### What to work on
Each line of the records has to be copied exactly, though the pictures must be left out.
─── Extracted information ───
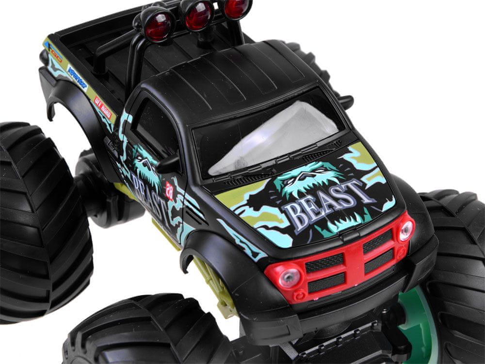 Monster Truck Big Foot Bestia je avto na daljinsko upravljanje, avtoód na velikih gumijastih kolesih z 2,4 GHz daljinskim upravljalnikom. Vozilo je v celoti izdelano iz plastike, pri čemer je pozornost namenjena najboljšim podrobnostim vozila. Igranje s tem avtomobilom bo pravi užitek. Velika gumijasta kolesa s tekalno plastjo zagotavljajo stabilen oprijem vozila v ostrih zavojih. Avtomobil se upravlja s priročnim daljinskim upravljalnikom 2,4 GHz, zato ga lahko vozite v večji skupini, ne da bi vas skrbelo motenje.
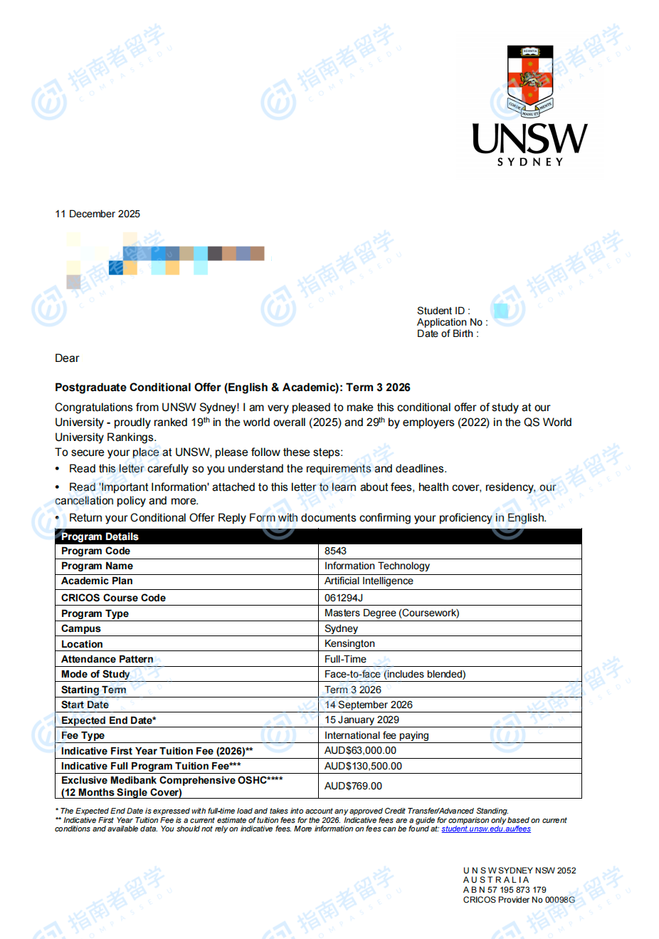新南威尔士大学信息技术硕士研究生offer一枚
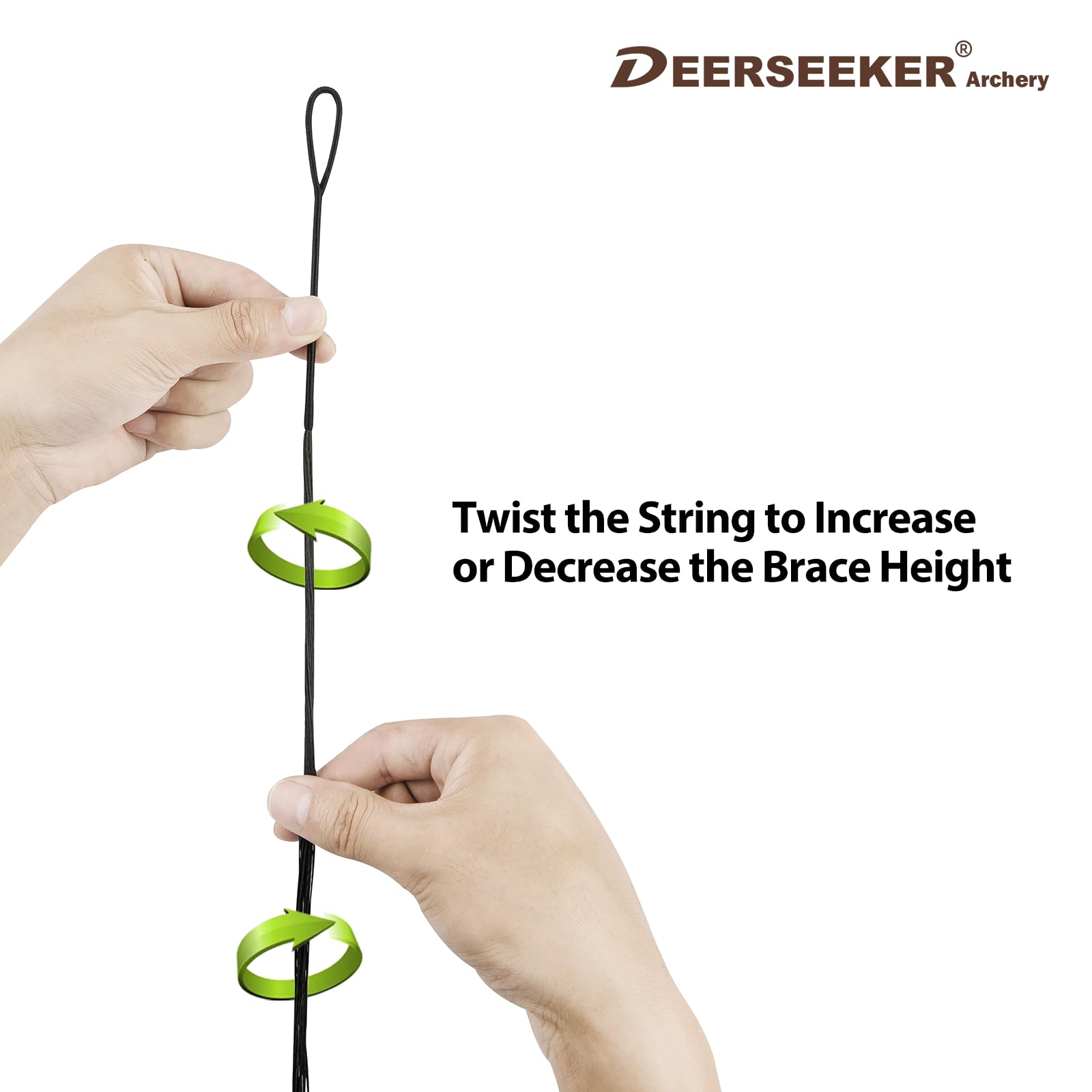 Details: ORIGINAL MATERIAL---- Deerseeker bowstring is made of Dacron B-55 materials that are produced in the USA, it's comprised of 3 parts(String Loop+Under Loop Sering place+Centre Serving Place). If your bow is recurve bow, then Bigger Loop is for Upper Limb, and Smaller Loop is for Lower Limb. FEATURE---Dacron B--55 is good at Absorbing the VIBRATION which caused by archery shooting. Moreover, Dacron B-55 bowstring is helpful to the VELOCITY of the Archery shooting base on its flexibility and stability. Deerseeker bow string including most of the sizes for your selection, from 48'\50'\52'....70', and 12 strands string is mostly for beginner bows, and 14\16 strands are mostly for hunting bows or high draw weights bows. PRECISION--- The thickness of the Centre serving place is the place where the Nock is put, we inspect the THICKNESS by Dial Gauge. To make sure, they're doable for NOCK. Guarantee and Maintenance----Before shooting, inspect the bowstring please, Deerseeker Archery provide quick Guarantee for our clients. Using good quality String Wax to protect your string please. After assembling the bowstring, if the brace height could be adjusted by twisting the bowstring.
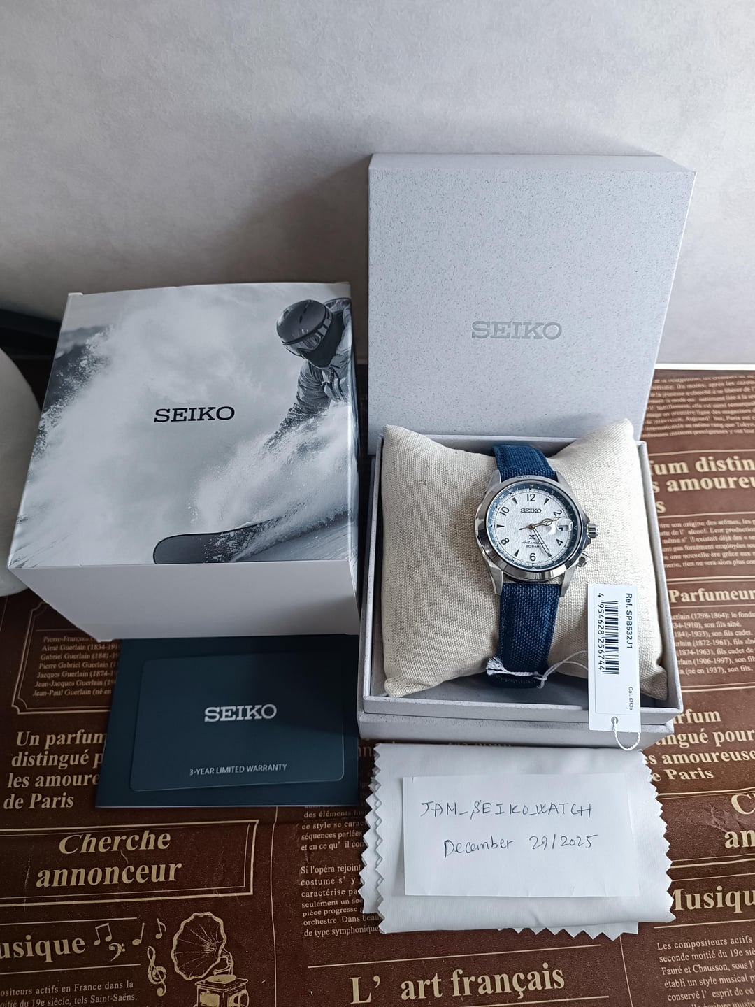 Hello r/watchexchange, I’m offering for sale a Seiko Prospex Land “ Snow flake Alpinist” SPB532J1 – Thong Sia Limited Edition (800 pieces worldwide). The watch is brand new fullkit. This model was exclusively released in Hong Kong, Macau, Malaysia, Brunei & Singapore. --- Condition Brand new, unworn Full set: limited edition box, hang tags, manual, international warranty card. --- Specifications Case size: 39.5mm Lug width: 20mm Movement: Seiko 6R35 – 70-hour power reserve, 200m water resistance Dial: Snowflake-inspired texture, evoking snow-covered mountain peaks with beautiful light play. Crystal: Sapphire with anti-reflective (AR) coating 👉 This is a highly collectible limited edition, and market prices have increased significantly recently. --- Included Limited edition Alpinist watch Limited edition box Papers and tags as shown 📸 Photos / Timestamp: Included in the post! 📩 Feel free to message me if you’d like more photos or details --- Price, Payment & Shipping Price: $1,250 USD (shipping not included) – no trades. Payment: PayPal Friends & Family or Goods & Services (+4.6% fee). Shipping: FedEx Express worldwide (2–4 days). Shipping cost: $50–$80 USD depending on destination. --- Thanks for looking!
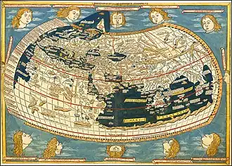 Всемирная карта Птолемея, изданная Николаем Германусом в 1482 году на основании карты Якобуса Анжелуса 1406 года, составленной по греческим рукописям, переведённым на латинский язык Максимом Планудом в конце XIII века
───
### Response
 Monster Truck Big Foot Bestia je avto na daljinsko upravljanje, avtoód na velikih gumijastih kolesih z 2,4 GHz daljinskim upravljalnikom. Vozilo je v celoti izdelano iz plastike, pri čemer je pozornost namenjena najboljšim podrobnostim vozila. Igranje s tem avtomobilom bo pravi užitek. Velika gumijasta kolesa s tekalno plastjo zagotavljajo stabilen oprijem vozila v ostrih zavojih. Avtomobil se upravlja s priročnim daljinskim upravljalnikom 2,4 GHz, zato ga lahko vozite v večji skupini, ne da bi vas skrbelo motenje.
新南威尔士大学信息技术硕士研究生offer一枚
 Details: ORIGINAL MATERIAL---- Deerseeker bowstring is made of Dacron B-55 materials that are produced in the USA, it's comprised of 3 parts(String Loop+Under Loop Sering place+Centre Serving Place). If your bow is recurve bow, then Bigger Loop is for Upper Limb, and Smaller Loop is for Lower Limb. FEATURE---Dacron B--55 is good at Absorbing the VIBRATION which caused by archery shooting. Moreover, Dacron B-55 bowstring is helpful to the VELOCITY of the Archery shooting base on its flexibility and stability. Deerseeker bow string including most of the sizes for your selection, from 48'\50'\52'....70', and 12 strands string is mostly for beginner bows, and 14\16 strands are mostly for hunting bows or high draw weights bows. PRECISION--- The thickness of the Centre serving place is the place where the Nock is put, we inspect the THICKNESS by Dial Gauge. To make sure, they're doable for NOCK. Guarantee and Maintenance----Before shooting, inspect the bowstring please, Deerseeker Archery provide quick Guarantee for our clients. Using good quality String Wax to protect your string please. After assembling the bowstring, if the brace height could be adjusted by twisting the bowstring.
 Hello r/watchexchange, I’m offering for sale a Seiko Prospex Land “ Snow flake Alpinist” SPB532J1 – Thong Sia Limited Edition (800 pieces worldwide). The watch is brand new fullkit. This model was exclusively released in Hong Kong, Macau, Malaysia, Brunei & Singapore. --- Condition Brand new, unworn Full set: limited edition box, hang tags, manual, international warranty card. --- Specifications Case size: 39.5mm Lug width: 20mm Movement: Seiko 6R35 – 70-hour power reserve, 200m water resistance Dial: Snowflake-inspired texture, evoking snow-covered mountain peaks with beautiful light play. Crystal: Sapphire with anti-reflective (AR) coating 👉 This is a highly collectible limited edition, and market prices have increased significantly recently. --- Included Limited edition Alpinist watch Limited edition box Papers and tags as shown 📸 Photos / Timestamp: Included in the post! 📩 Feel free to message me if you’d like more photos or details --- Price, Payment & Shipping Price: $1,250 USD (shipping not included) – no trades. Payment: PayPal Friends & Family or Goods & Services (+4.6% fee). Shipping: FedEx Express worldwide (2–4 days). Shipping cost: $50–$80 USD depending on destination. --- Thanks for looking!
 Всемирная карта Птолемея, изданная Николаем Германусом в 1482 году на основании карты Якобуса Анжелуса 1406 года, составленной по греческим рукописям, переведённым на латинский язык Максимом Планудом в конце XIII века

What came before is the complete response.